Hilary Mantel will turn her attention to the downfall of Anne Boleyn, after Fourth Estate bought the follow-up to her Man Booker prizewinning Wolf Hall.
Publishing director Nicholas Pearson bought UK and Commonwealth rights, excluding Canada, to Bring Up the Bodies from Bill Hamilton at AM Heath. The book will be published in May 2012.
Pearson said: "We are thrilled to be able to announce that Hilary Mantel has delivered a new novel. In Bring up the Bodies, she has turned her attention to the downfall of Anne Boleyn, a story at the heart of Tudor history, and in Mantel’s hands, every bit as illuminating, terrifying and utterly compelling as one might expect.
"Like its predecessor, Wolf Hall, it is hard to think of anything in contemporary fiction quite like it, and it will certainly delight her many fans all over the world."
1 comment:
I have to say that I love all things Tudor, and Wolf Hall is no exception, but it is exceptional. In most of the novels about Henry VIII's England, Cromwell plays a role, but he's never been the main character. Writers most often leave the famous wives of Henry VIII (divorced, beheaded, died; divorced, beheaded, survived) to play that role. In reality, not a lot is known about this person, but Hilary Mantel has woven her tale not only around Cromwell, but through him.

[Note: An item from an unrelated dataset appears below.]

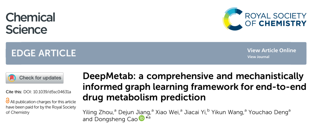 在药物研发领域,药物代谢预测始终是药代动力学研究的核心难题。一方面,酶促反应的机制复杂性让实验解析成本居高不下;另一方面,现有计算工具要么局限于单一预测任务,要么缺乏机制保真度与化学可解释性,难以满足临床前研究对代谢路径全面解析的需求。最近,中南大学药学院曹东升教授团队发表在《Chemical Science》上的一项研究提出了名为DeepMetab的深度图学习框架,首次实现了CYP450介导药物代谢的端到端预测,为解决这一痛点提供了突破性方案。

In Wolf Hall, Hilary Mantel takes a slice of Tudor history and allows the reader to view it through the eyes of Thomas Cromwell, who rose through life from his origins as the son of a blacksmith to become the chief minister of King Henry VIII. From his humble origins, he manages to become an important advisor to the ill-fated Cardinal Wolsey, who, as everyone knows, started his downhill slide because of his inability to provide Henry VIII with a Church-sanctioned divorce from Katherine of Aragon. It is, ironically, Wolsey's fall that begins Cromwell's rise. Cromwell survives by his own maxim: "inch by inch forward. Never mind if he calls you an eel or a worm or a snake. Head down, don't provoke him." (4) His fortune is on the ascendant throughout the story, but as everyone also knows, fortune is fleeting, and especially in this time largely at the whim of the king.